The best, most worthwhile things I've ever done in life have also been the scariest. And so I keep walking — because I know it's worth it.
Franklin D. Roosevelt said “Courage is not the absence of fear but rather the assessment that something else is more important than fear.”
Yes. That. 👆
Can you relate to this? Am I the only one who always wants to chicken out at the 11th hour?
P.S. To catch up on what we're doing in Spain and why we're going, check out this post.
P.P.S. We had a really unconventional Father's Day this year, here's what happened…
Our Father’s Day this year looked a little different from any other year because I wasn’t actually with my father OR my father-in-law, OR with Carl.

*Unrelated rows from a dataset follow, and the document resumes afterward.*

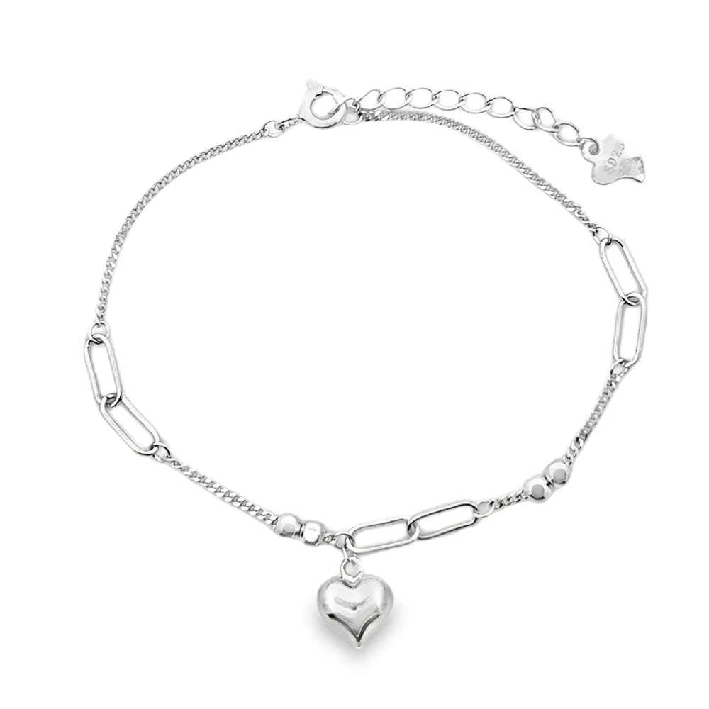Фина и игрива, тази гривна е изработена от сребро проба 925 и съчетава два типа верижка за по-интересна текстура. Акцентът е полирано обемно сърце – деликатен, но запомнящ се детайл. Регулируема дължина за комфорт и стил всеки ден.
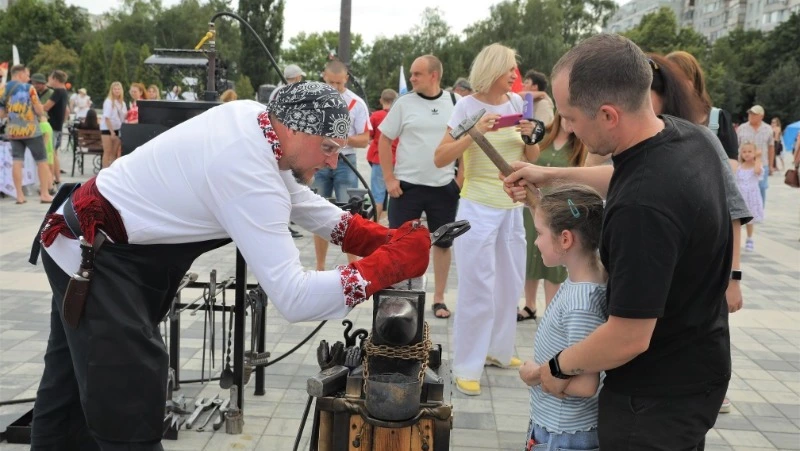 Главная городская площадь превратилась в территорию творчества и интерактива. Гости погрузились в мир металлургических ремёсел: на выставке «Изящное ремесло» кузнецы демонстрировали мастерство, а в зоне «Золотые руки» мастера Белгородской области проводили мастер-классы по народным промыслам.
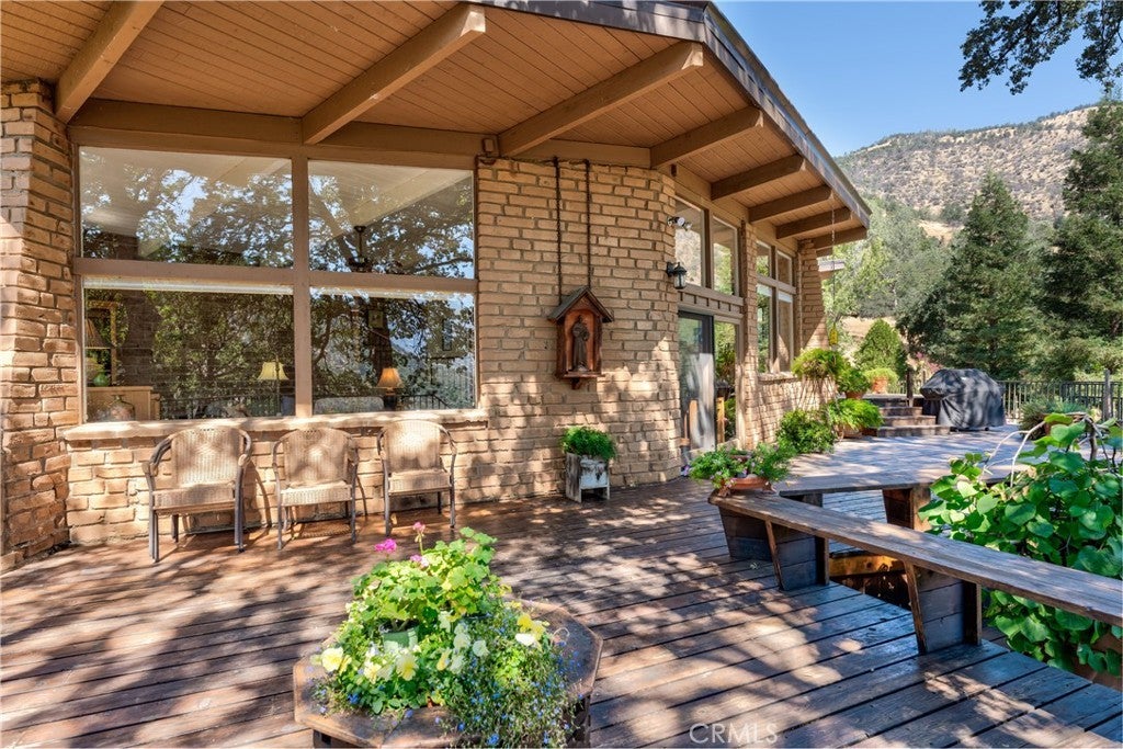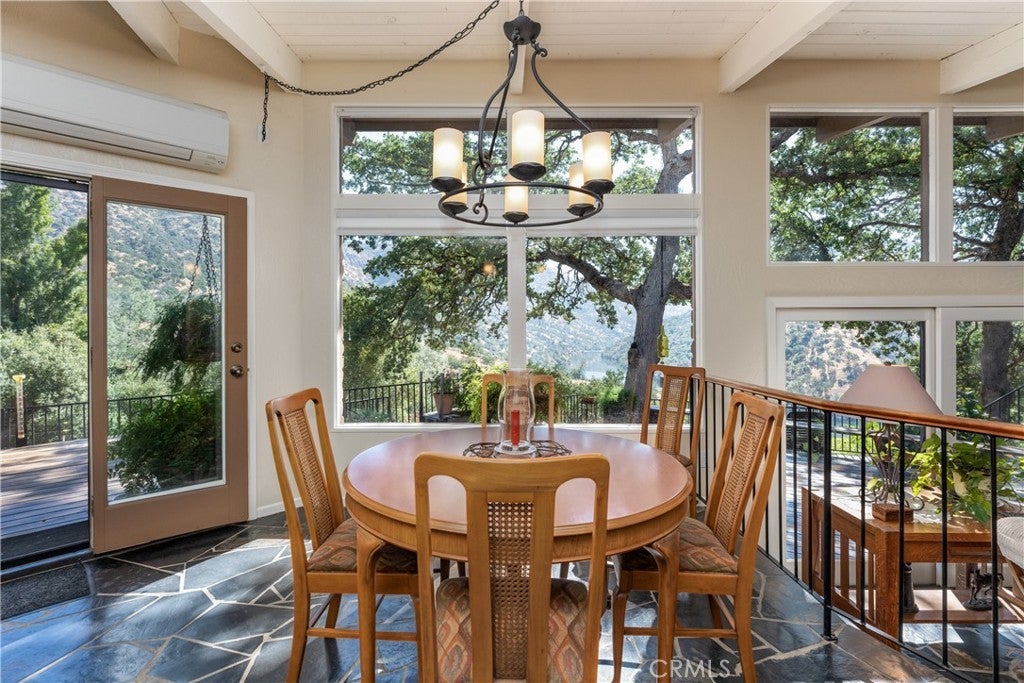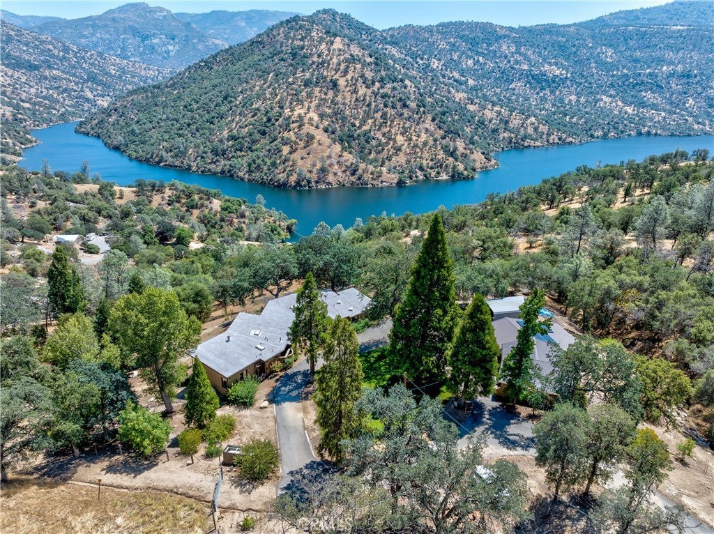 California Spanish Hacienda Style home on Redinger Lake!!!! Located on 12.51AC with vast incredible vista views of the lake, mountains, and seasonal waterfall! As you enter the gated Hacienda you are in aww of the circular driveway that surrounds a gorgeous lawn with massive cedar trees that accent the adobe style home. As you walk thru the custom door into the home, your eyes will go straight to the large windows that can't help but to captivate you right to the phenomenal deck and exquisite lake views! The pristine home features windows galore, pine cathedral open beam ceilings, skylights, peeled pole supports, slate floors, and a unique floor plan. This home has 2 master bedrooms. The larger master suite is located at the opposite end of the home from the other 2 bedrooms. The main master suite has a charming wood stove and glass doors that lead out into the fairytale back deck with lake views, all while laying in bed. The master bath could not be more charming, owners dug up the slate floors themselves out in Mariposa. Plus it has 2 basins with a pine ceiling and a glass atrium looking out into a mystical garden area! The kitchen is just as fabulous with windows looking out to the lake and new appliances. To make sure you are always comfortable inside the home there are 2 mini split units and 3 hot water heaters and one is on demand!!! There is not enough to say about the deck that has built-in benches, multi-level, and views of the lake that you never want to leave! Do not forget the massive garage has a shop, bonus room, and an attached van storage room. I forgot to mention the insane well that produces over 100gl/min. A property like this does not come around often! Perfect for all year round or as a 2nd home or AirBnB!!!!!

Instead, Carl got a rare weekend with just his family of origin (minus one very important sister!)— hanging out with his parents, his brother, and his grandparents and getting some good quality time in before we leave for Spain.
Honestly — there’s nowhere in the world I’d rather him be.
The thing is, I thought I’d be parenting (and Spain-prepping) alone this weekend with Carl out of town.
But instead, I got such a happy surprise when one of my very best friends, Amanda, was assigned a last-minute work trip to Nashville this weekend — AND I was able to cajole another one of my very best friends, Emily, to drive up from Atlanta to hang out with me too.
All five of us, me, Annie, Quinn, Emily, and Amanda — are the daughters of truly incredible fathers — but… since we couldn’t be with them this weekend… we were thrilled to get to be with each other.
We had an impromptu Girls Weekend and I loved every minute of it.